The novel is also a quintessentially American one in that it’s about a hero’s search for self in our social melting pot. But we know “American hero” is a term that’s been reserved mostly for straight white men, so what happens when that label is claimed by someone like Lucky? What happens when her story is made central, and labeled American?

Some readers of the book complain that my male characters don’t enjoy much space on the page. If the gender ratios were reversed, as they are in most American and Indian movies, I’m sure few people would comment.
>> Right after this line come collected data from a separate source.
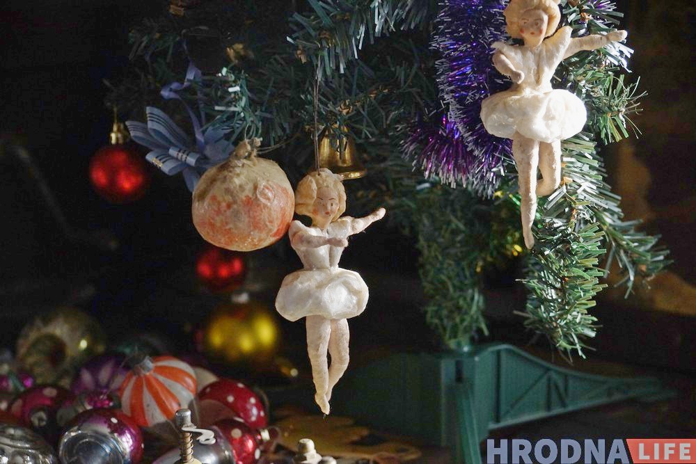 “Тут цацкі савецкія, з чырвонымі зоркамі, недзе з пачатку саракавых. І шкляны парашут з тых часоў. Даволі рэдка такія сустрэнеш зараз . У мяне іх цэлая скрынка. Чые? А не памятаю ўжо. Тут і цёткі мае жылі, і дзядзькі, што ад іх пазаставалася, што людзі прынеслі”, – Януш пачынае расповед пра ёлачныя ўпрыгожванні ў першым пакойчыку музея.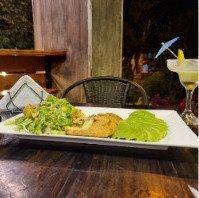 Solomito, pollo y mariscos acompañados de un mézclum de lechugas y vegetales frescos (zanahoria, tomates cherry, pepino, mango, y maíz tierno).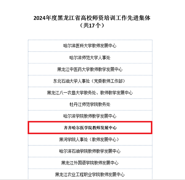 近日,由黑龙江省高校教师培训中心组织开展的省高校师资培训先进集体、先进个人评选工作结果揭晓,共有17个先进集体、27名先进个人获奖。学院教师发展中心荣获“2024年度黑龙江省高校师资培训工作先进集体”。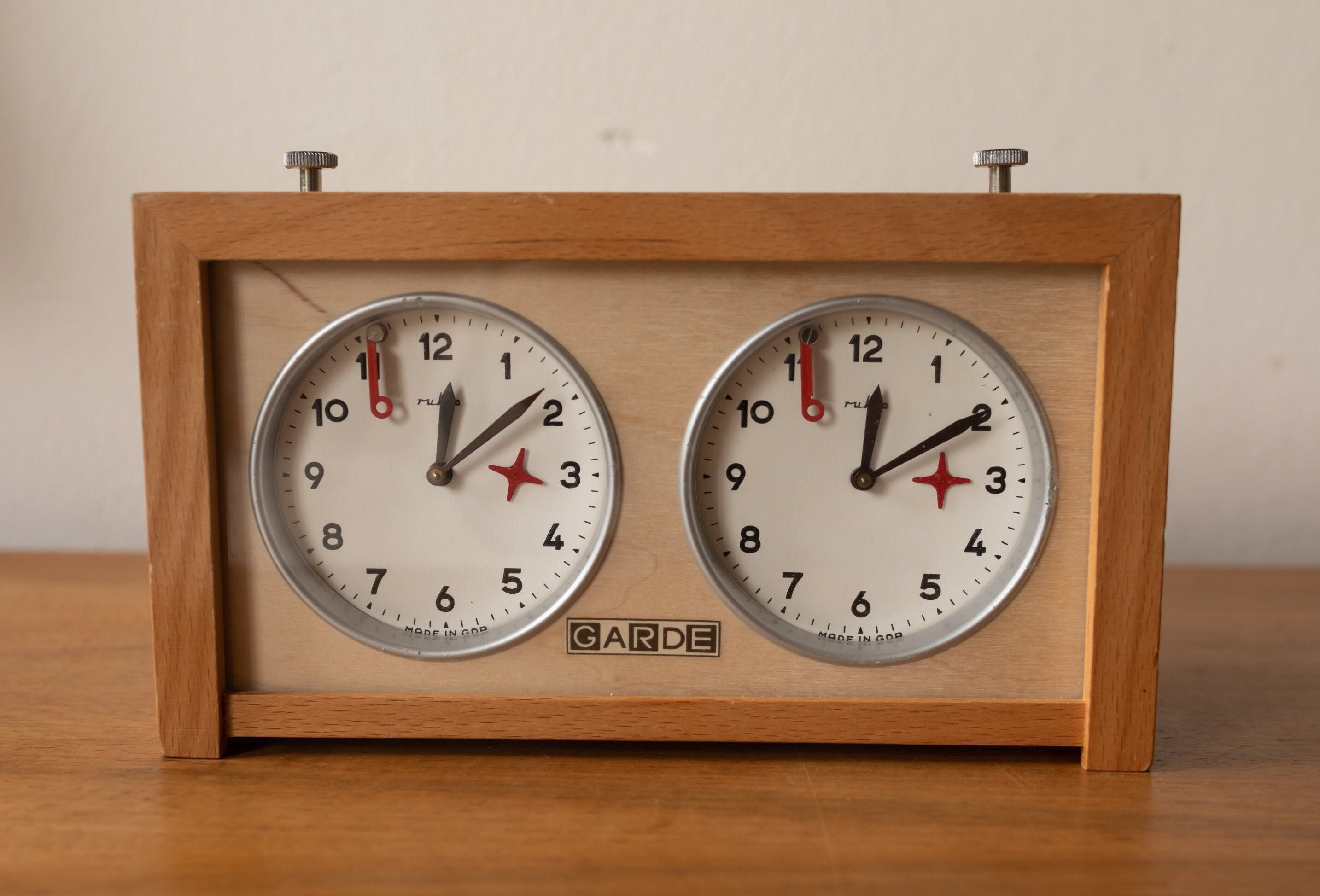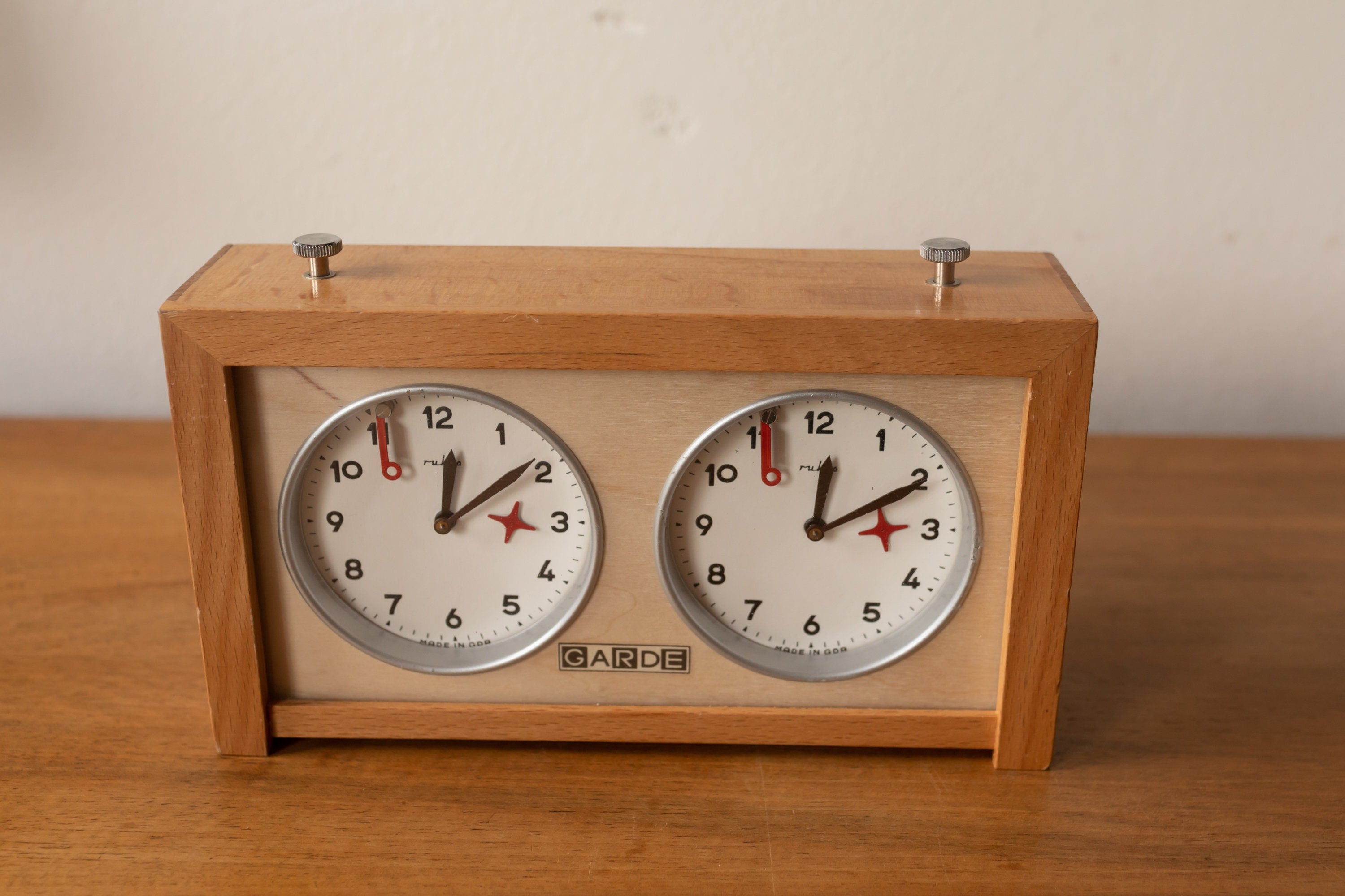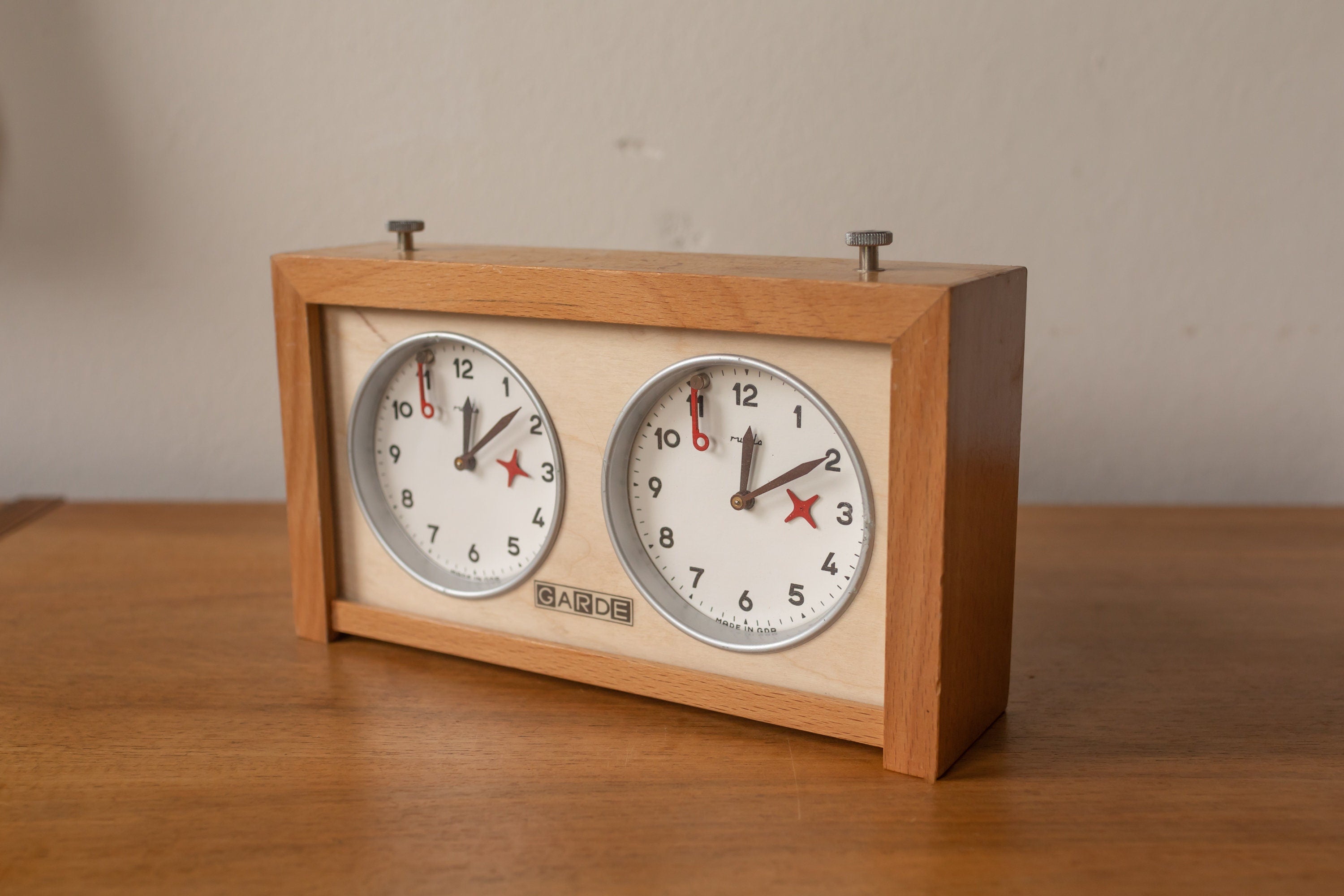 1970s - Garde Rhula Wooden Chess Clock. This chess clock was made by the brand Garde / Ruhla of West Germany. It's in very good condition with only slight user traces. It is in good working condition.

But when women run the story, everyone complains, “What about the husband? I want to know about him!” My decision to give my attention to my women characters is a political statement, challenging the predominant culture that has caused them to only exist as personality-less plot devices instead of fully fleshed out entities for hundreds of years.

And it’s not just women characters. There are only two white people in my book, and it’s an even split between queer and straight people. I refuse to sideline the characters who look and think as I do.

There’s power in that move, in appropriating labels that people like me have been denied. However, I want to not only appropriate but also to expand definitions. Gloria Anzaldúa asserts in Borderlands/La Frontera that the future belongs to the mestiza—the hybrid. As a Sri Lankan American 1.5 generation immigrant, my hybrid identity cannot be contained by one culture.

The novel in its finished iteration is Bollywood in structure, American in content—a hybrid novel that fuses the best parts of both styles.

__________________________________

* I want to note here that I’m using “Bollywood” here as shorthand for all Indian cinema, but that’s not what it normally means. Technically, “Bollywood” only refers to the Hindi-language film industry, and doesn’t include Tamil, Telugu, or other non-Hindi films. And my usage of Bollywood, it’s important to point out, repeats a history of erasure of South Indian identity and experience. However, in the context of my essay, I’m using “Bollywood” because Western readers understand the term, and further, because in regard to the Indian cultural tropes I’m talking about, almost all Indian cinema, regardless of language, employs similar sets of gender tropes.